'The performance of this stock has been incredible': Schwartz on Fairfax Financial Holdings
By BNN Bloomberg
Key Concepts
- Fairfax Financial: A Canadian holding company often compared to Berkshire Hathaway, known for insurance underwriting and diverse global investments.
- Underwriting: The process by which insurance companies evaluate risk and determine premiums to ensure they take in more money than they pay out in claims.
- Float: The pool of money held by an insurance company between the time premiums are collected and claims are paid, which can be invested for profit.
- Private Credit: Debt provided by non-bank lenders; the speaker highlights concerns regarding the liquidity mismatch when offered to retail investors.
- Price-to-Book (P/B) Ratio: A financial valuation metric used to compare a firm's market capitalization to its book value; used here to argue that Fairfax stock is undervalued.
Fairfax Financial: Evolution and Investment Thesis
Barry Schwartz of Baskin Wealth Management identifies Fairfax Financial as a high-conviction investment, noting a significant shift in the company’s operational strategy over the last decade.
- Operational Shift: Historically, Fairfax operated with a "gunslinger" approach characterized by volatile results. The company has since matured, focusing on disciplined insurance underwriting and reducing operational surprises.
- Diversification Strategy: Unlike Baskin Wealth Management’s typical focus on high-quality U.S. equities, Fairfax provides unique diversification through unconventional investments in regions like India and Greece, as well as opportunistic plays in commodities (e.g., gold mines).
- Capital Allocation: A primary driver of value is the company’s aggressive share buyback program. Schwartz argues that given the current valuation and the growth of the company's float, buying back their own stock is the most effective use of capital.
- Risk Factors: While Prem Watsa is aging, Schwartz notes that a robust succession plan is in place. The company’s inclusion in the TSX 60 index is expected to increase its visibility among institutional fund managers.
The Annual General Meeting (AGM)
Schwartz views the AGM not merely as a corporate formality, but as a strategic networking opportunity.
- Objective: The goal is to gauge the sentiment of other like-minded investors and engage in direct dialogue with management regarding long-term growth prospects.
- Perspective: Schwartz dismisses the "pomp and circumstance" of the event, prioritizing the qualitative assessment of management’s vision and the broader investor consensus.
Brookfield and the Private Credit Market
Schwartz provides a critical analysis of the current private credit landscape and its impact on Brookfield.
- Critique of Private Credit: Schwartz argues that private credit was a "big mistake" to offer to retail investors as a liquid asset. He identifies a fundamental "liquidity mismatch"—the underlying assets (real estate, long-term debt) are illiquid, yet the investment products are being marketed as liquid.
- Brookfield’s Resilience:
- Differentiation: Unlike other private equity firms, Brookfield has limited exposure to the specific risks of the private credit market.
- Focus: The company is heavily weighted toward infrastructure, which provides a buffer against potential economic downturns or a "blowup" in the private credit sector.

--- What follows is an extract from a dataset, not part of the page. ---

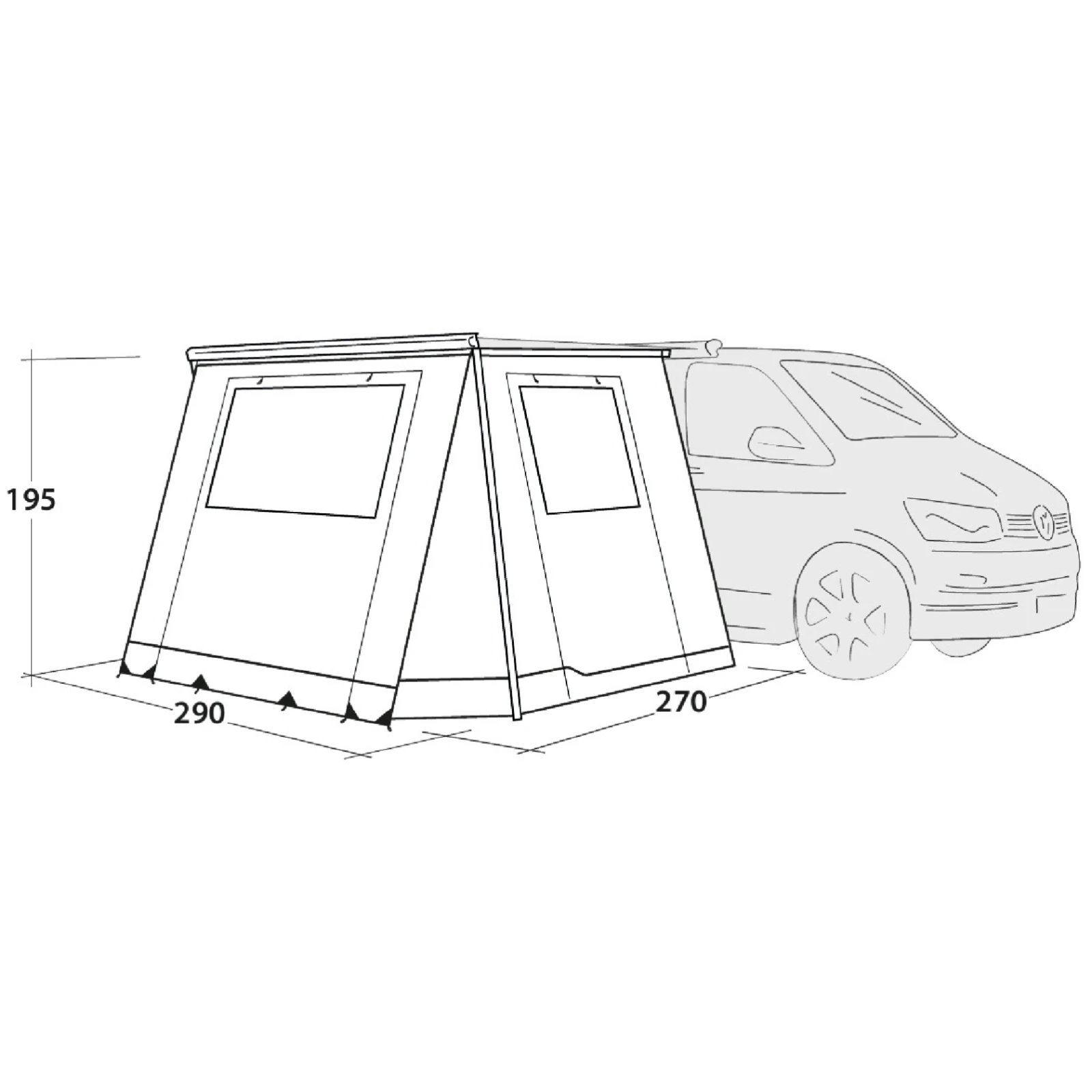 Adecuado para toldos de 260/270x200 cm: Thule 5200, Thule 5102, Thule Sidehill, Fiamma F43 Van, Fiamma F45s, Fiamma F45 VW T5/T6, Fiamma F45 PSA, Dometic PW1100 y Dometic PW1500. Ideal para autocaravanas tipo VW T5/T6/T6.1 (Multivan, Caravelle, Transporter, California), MB W639/W447 (Clase V, Vito, Marco Polo) etc.

- Investment Structure: Baskin Wealth Management holds both Brookfield Corporation and Brookfield Asset Management (BAM).
- Brookfield Corporation: Favored for long-term capital growth.
- Brookfield Asset Management: Favored for income and dividends.
Synthesis and Conclusion
The core takeaway is a preference for high-quality, disciplined management teams that have evolved to mitigate historical risks. Fairfax is viewed as a "layup" due to its improved underwriting discipline and undervalued stock, while Brookfield is seen as a resilient play in a market currently spooked by the liquidity risks inherent in private credit. Schwartz emphasizes that while "equities are equities" and no investment is inherently "safe," the structural advantages and strategic focus of these two Canadian firms position them well for future growth.